**What you need to do**
From the data underneath, reproduce exactly the stretch that begins at the line with "De mooiste er tussenuit gevestig!" and ends after the line with "Slika 6.: Ližnjanska noć – 2022.".

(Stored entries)
»»

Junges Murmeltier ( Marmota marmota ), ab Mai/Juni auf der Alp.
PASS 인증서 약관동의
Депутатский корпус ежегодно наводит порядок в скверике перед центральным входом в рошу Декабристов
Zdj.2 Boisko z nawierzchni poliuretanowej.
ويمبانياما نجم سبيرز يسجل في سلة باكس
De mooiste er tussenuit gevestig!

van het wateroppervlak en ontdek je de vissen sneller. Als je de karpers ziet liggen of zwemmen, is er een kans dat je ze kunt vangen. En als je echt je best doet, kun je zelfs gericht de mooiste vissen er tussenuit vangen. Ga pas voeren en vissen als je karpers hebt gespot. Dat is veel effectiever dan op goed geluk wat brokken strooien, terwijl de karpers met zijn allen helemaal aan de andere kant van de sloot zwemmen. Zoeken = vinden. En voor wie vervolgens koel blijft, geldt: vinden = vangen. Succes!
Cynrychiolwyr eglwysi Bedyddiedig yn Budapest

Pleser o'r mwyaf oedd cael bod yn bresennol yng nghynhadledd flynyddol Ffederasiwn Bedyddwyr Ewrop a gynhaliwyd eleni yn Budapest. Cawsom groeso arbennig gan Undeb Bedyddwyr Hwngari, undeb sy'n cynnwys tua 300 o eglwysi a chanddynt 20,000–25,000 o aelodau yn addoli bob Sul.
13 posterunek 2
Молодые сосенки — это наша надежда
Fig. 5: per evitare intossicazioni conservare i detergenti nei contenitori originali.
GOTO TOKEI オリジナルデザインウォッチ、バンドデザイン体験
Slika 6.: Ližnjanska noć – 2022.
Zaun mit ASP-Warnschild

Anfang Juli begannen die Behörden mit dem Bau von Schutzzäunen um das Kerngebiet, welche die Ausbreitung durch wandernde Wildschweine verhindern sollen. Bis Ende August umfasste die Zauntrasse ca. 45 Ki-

««

**Response area**
De mooiste er tussenuit gevestig!

van het wateroppervlak en ontdek je de vissen sneller. Als je de karpers ziet liggen of zwemmen, is er een kans dat je ze kunt vangen. En als je echt je best doet, kun je zelfs gericht de mooiste vissen er tussenuit vangen. Ga pas voeren en vissen als je karpers hebt gespot. Dat is veel effectiever dan op goed geluk wat brokken strooien, terwijl de karpers met zijn allen helemaal aan de andere kant van de sloot zwemmen. Zoeken = vinden. En voor wie vervolgens koel blijft, geldt: vinden = vangen. Succes!
Cynrychiolwyr eglwysi Bedyddiedig yn Budapest

Pleser o'r mwyaf oedd cael bod yn bresennol yng nghynhadledd flynyddol Ffederasiwn Bedyddwyr Ewrop a gynhaliwyd eleni yn Budapest. Cawsom groeso arbennig gan Undeb Bedyddwyr Hwngari, undeb sy'n cynnwys tua 300 o eglwysi a chanddynt 20,000–25,000 o aelodau yn addoli bob Sul.
13 posterunek 2
Молодые сосенки — это наша надежда
Fig. 5: per evitare intossicazioni conservare i detergenti nei contenitori originali.
GOTO TOKEI オリジナルデザインウォッチ、バンドデザイン体験
Slika 6.: Ližnjanska noć – 2022.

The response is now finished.